Task >>
Transcribe exactly the lines from the top of the records below through the line that holds "本次IPO,臻宝科技拟募资1", both included, with no pictures.

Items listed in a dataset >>

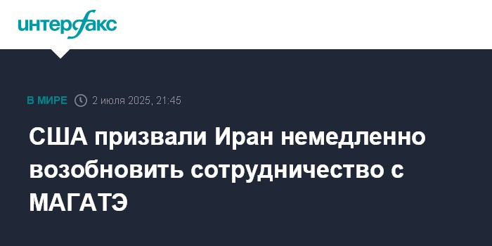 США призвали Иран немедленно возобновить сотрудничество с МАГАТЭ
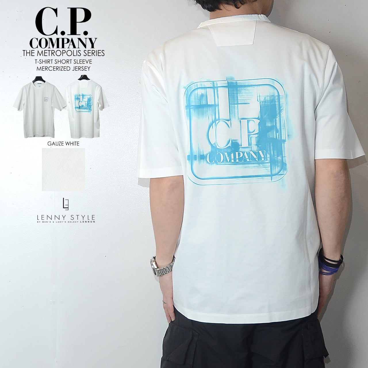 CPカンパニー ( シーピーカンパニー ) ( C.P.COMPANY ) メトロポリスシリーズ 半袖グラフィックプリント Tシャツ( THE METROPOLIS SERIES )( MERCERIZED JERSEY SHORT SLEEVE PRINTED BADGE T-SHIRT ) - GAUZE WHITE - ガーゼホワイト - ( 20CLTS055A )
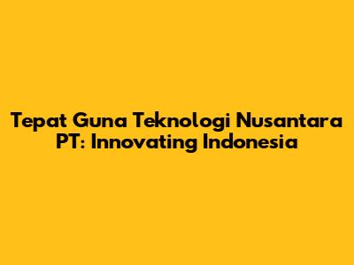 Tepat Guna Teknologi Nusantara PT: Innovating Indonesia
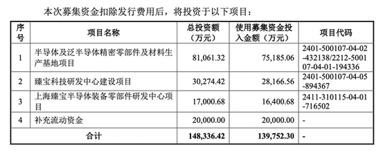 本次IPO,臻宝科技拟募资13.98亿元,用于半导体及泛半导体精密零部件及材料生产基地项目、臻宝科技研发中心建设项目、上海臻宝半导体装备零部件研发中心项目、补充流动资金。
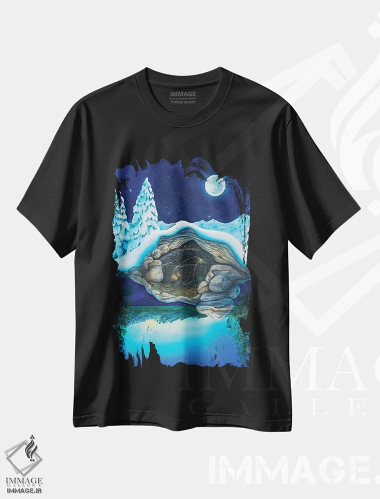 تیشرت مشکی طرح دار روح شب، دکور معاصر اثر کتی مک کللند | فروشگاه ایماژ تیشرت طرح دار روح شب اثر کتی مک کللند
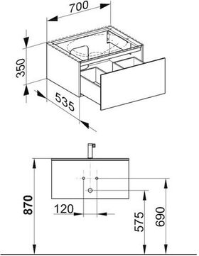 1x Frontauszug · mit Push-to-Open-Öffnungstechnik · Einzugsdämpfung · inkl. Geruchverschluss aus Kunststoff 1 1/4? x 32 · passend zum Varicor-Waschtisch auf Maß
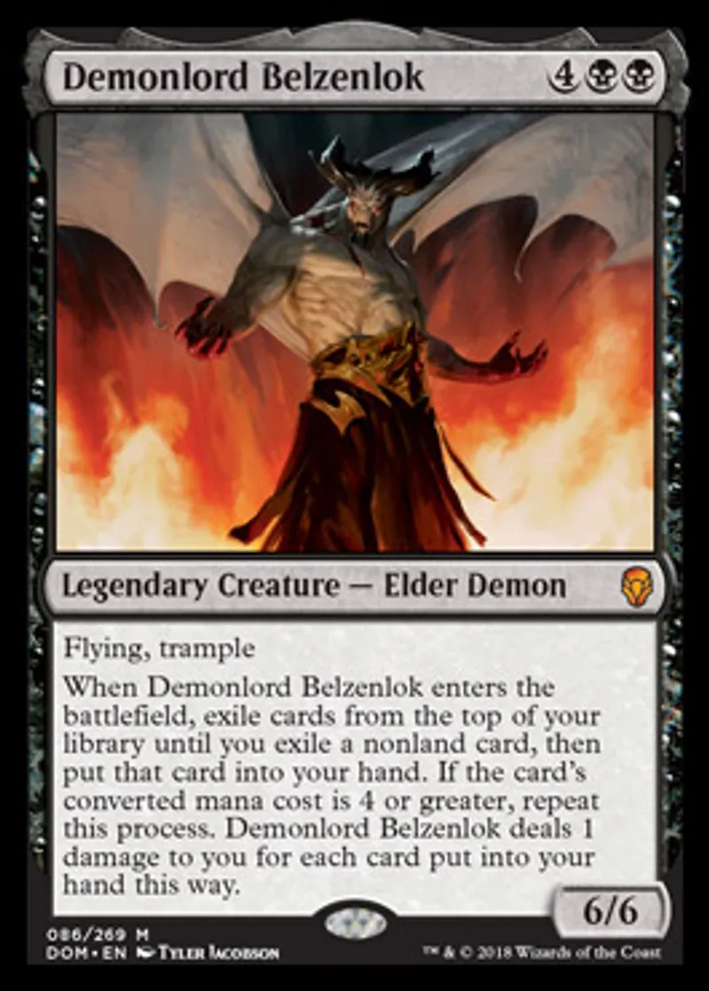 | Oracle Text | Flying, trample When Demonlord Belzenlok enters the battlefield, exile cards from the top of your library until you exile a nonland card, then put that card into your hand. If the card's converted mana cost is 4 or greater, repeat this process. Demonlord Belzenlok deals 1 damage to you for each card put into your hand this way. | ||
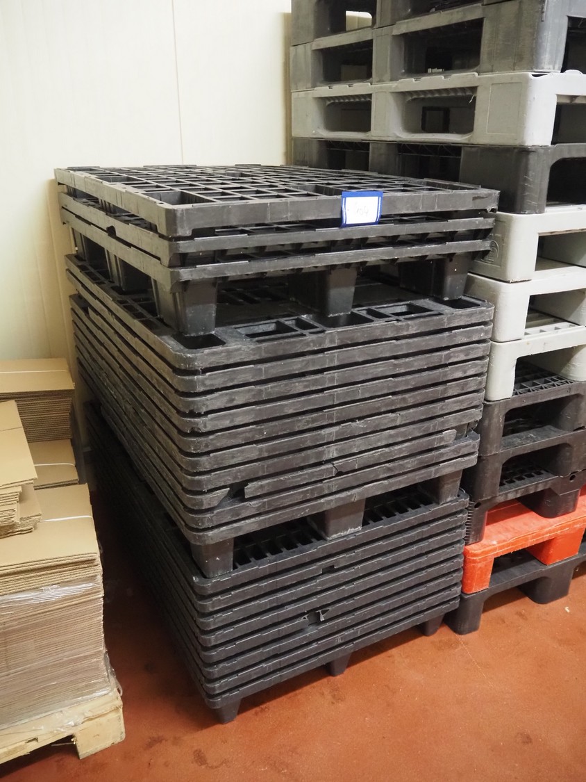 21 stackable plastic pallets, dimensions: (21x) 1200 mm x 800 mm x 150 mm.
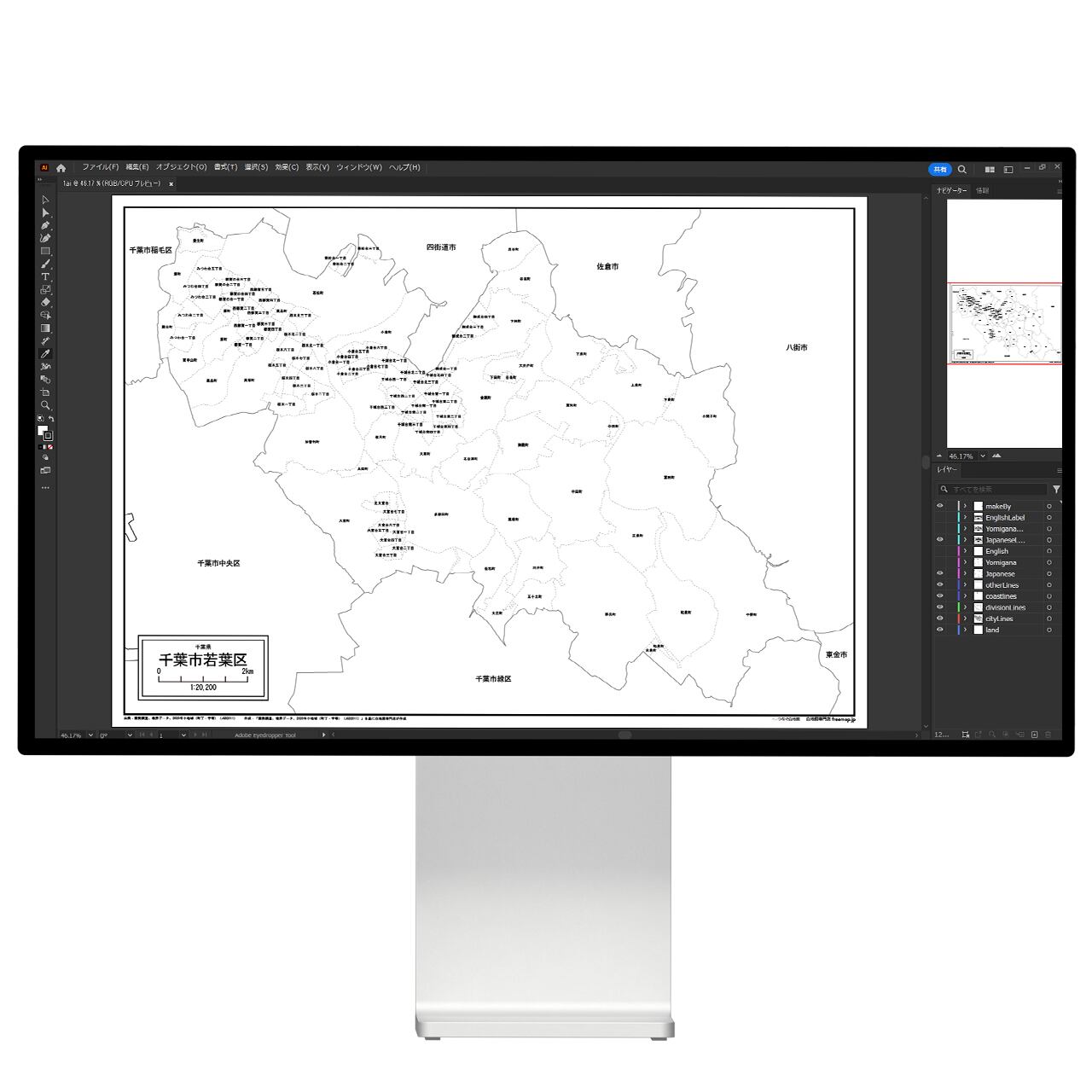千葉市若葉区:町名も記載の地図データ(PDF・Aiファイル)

Your solution >>
 США призвали Иран немедленно возобновить сотрудничество с МАГАТЭ
 CPカンパニー ( シーピーカンパニー ) ( C.P.COMPANY ) メトロポリスシリーズ 半袖グラフィックプリント Tシャツ( THE METROPOLIS SERIES )( MERCERIZED JERSEY SHORT SLEEVE PRINTED BADGE T-SHIRT ) - GAUZE WHITE - ガーゼホワイト - ( 20CLTS055A )
 Tepat Guna Teknologi Nusantara PT: Innovating Indonesia
 本次IPO,臻宝科技拟募资13.98亿元,用于半导体及泛半导体精密零部件及材料生产基地项目、臻宝科技研发中心建设项目、上海臻宝半导体装备零部件研发中心项目、补充流动资金。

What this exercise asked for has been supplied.